If a melange YAML contains only contents and no pipeline, it can be "executed" without privilege, since it can just emit the APK directly from the specified contents without invoking anything. If a config contains contents and pipeline, the contents are layered on after the pipeline executes (or we can just disallow this)

The code to take an fs.FS and put it into an APK is already heavily used, this would just be another way to call that code.

Disadvantages

This is probably only ergonomic to use for small config files. I wouldn't want to express an entire filesystem this way, and binary files are pretty much ruled out.

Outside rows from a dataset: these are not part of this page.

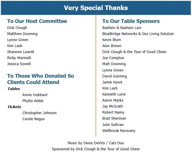 “This event wouldn’t have been possible without our incredible host committee and all of our table sponsors,” said event organizer Shaunna Jacobs. “Our goal of selling 20 tables was already ambitious—and they sold 22! Several tables were donated so our residential clients could attend.”
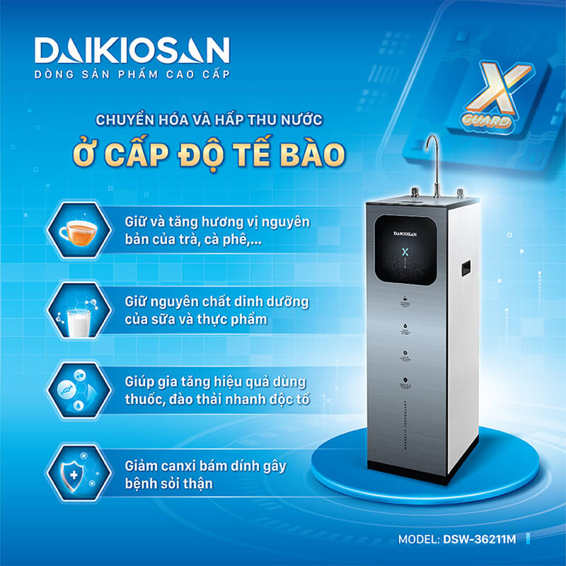 Điểm khác biệt nổi bật của Daikiosan DSW-36211M X-Guard từ trường nóng nguội là công nghệ điện từ trường độc quyền. Công nghệ này tái cấu trúc phân tử nước thành dạng lục giác, gần giống với nước khoáng tự nhiên, nhờ đó cơ thể hấp thụ nhanh chóng và hiệu quả hơn.
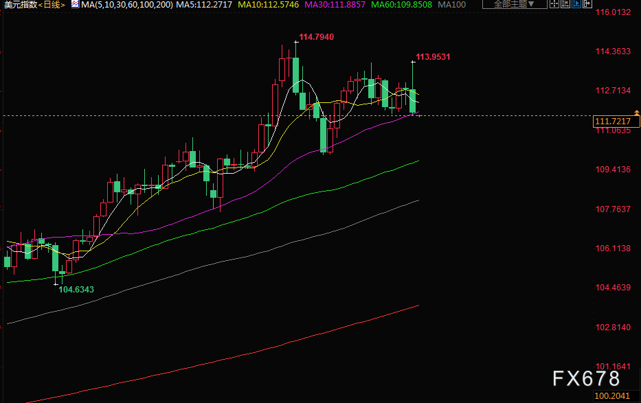 北京时间周一(10月24日)亚市早盘,美元指数交投于111.74附近;美元上周五承压,一些官员对大幅加息以对抗通胀表示出更大的担忧。美元兑日元创8月10日以来最大单日跌幅,日本政府和央行在外汇市场通过购买日元、抛售美元进行了干预;金价录得周线上涨,油价手收高,对需求增强的希望和美元下跌盖过了对全球经济下滑和加息对燃料使用影响的担忧。

Users may be surprised by the interaction of YAML's whitespace handling and the output file, which might also have whitespace expectations. For example, if you want to specify a YAML config in nested YAML (🤢):

contents:
- file: example.yaml
  contents: |
    foo: bar
    bar:
      - baz

...how sure are you that this is going to be generated and parsed correctly?

Open Questions

  • should a contents that conflicts with the output of a pipeline fail, or overwrite?
  • should the contents -> APK functionality be a separate config / command / tool from melange build?
  • (probably not, but) does it make sense for this to be functionality of apko as well? A just-in-time APK generation feature could make for a good UX, though it undermines the provenance guarantees of apko, which probably makes it not worth doing.

If I get time I might try to hack up a prototype and see what sucks about it.

imjasonh avatar Mar 06 '23 17:03 imjasonh

I like this! Definitely helps with the use case I had trying to modify an nginx image to run on different port to work on Cloud run.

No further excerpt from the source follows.